内科診療所への定期通院だけでは、がん予防や早期発見に対する取り組みが不十分な場合があります。 高血圧、糖尿病、脂質異常症などの生活習慣病がある場合、内科診療所への定期通院が一般的です。これらの病気に対する食生活の改善や運動は、確かにがん予防に寄与することができます。しかし、これらの対策だけではがんを予防するには不十分であり、節酒や禁煙、さらにはB型・C型肝炎ウイルスやヘリコバクター・ピロリ菌の検査と治療も重要な要素です(1)。多くの内科医はこれらを積極的に提案しますが、もし今まで機会がなかった場合は、かかりつけ医に相談することをお勧めします。
患者様からのだるさや体重減少の訴え、または貧血がきっかけでがんが早期に発見されることがあります。 しかし、早期がんでは症状が現れないことも多いため、市町村が提供するがん検診(子宮、乳房、大腸、肺、胃)を受けることが非常に重要です。特に、子宮頸がんや乳がん検診は内科診療所では提供されていないことが多いため、女性はこれらの検診を行っている医療機関を受診することをお勧めします。

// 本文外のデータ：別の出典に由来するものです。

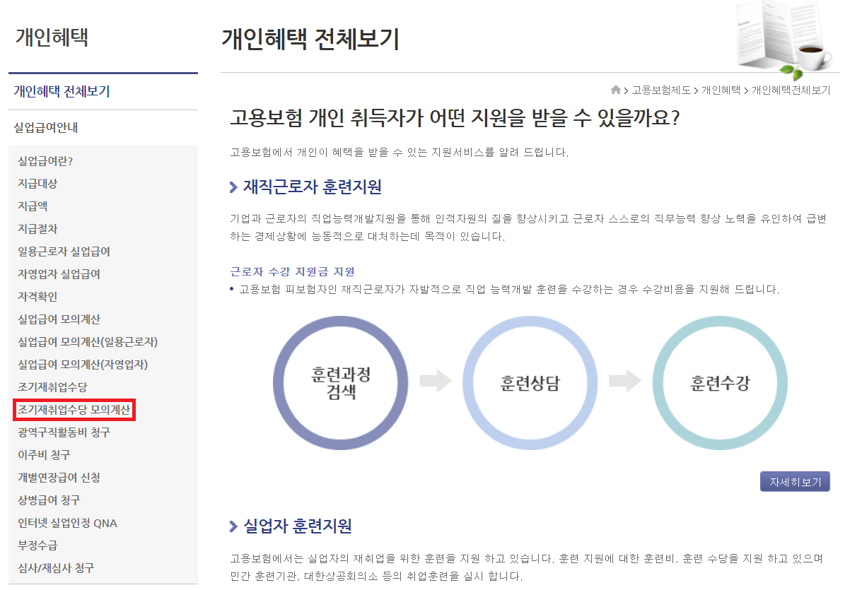 - 개인 서비스 → 실업급여 → 조기재취업수당 → 신청

対象者 | 検査 | 間隔 | 当院で行える検査 |
20~ 69歳 | 子宮頸がん検診 (頸部細胞診) | 2年 | |
40~ 74歳 | 乳がん検診 (マンモグラフィ) | 2年 | |
45~ 75歳 | 大腸がん検診 (便潜血) | 1年 | ○ |
50~ 80歳 | 肺がん検診 (胸部レントゲン) | 1年 | △ (保険診療のみ) |
50~ 80歳 | 胃がん検診 (胃カメラ) | 2年 | △ (保険診療のみ) |
子宮、乳房、大腸、肺、胃のがん検診以外に、全ての患者様に推奨できる検査は特定されていません。 これは、検査の有効性や費用対効果などの面からです。前立腺がんのPSA検査や他の腫瘍マーカー検査、全身を撮影するPET検査は、利益と不利益を慎重に考慮した上で受けるべき検査とされています。市町村のがん検診以外の検査については、かかりつけ医との相談を通じて検討することが推奨されます。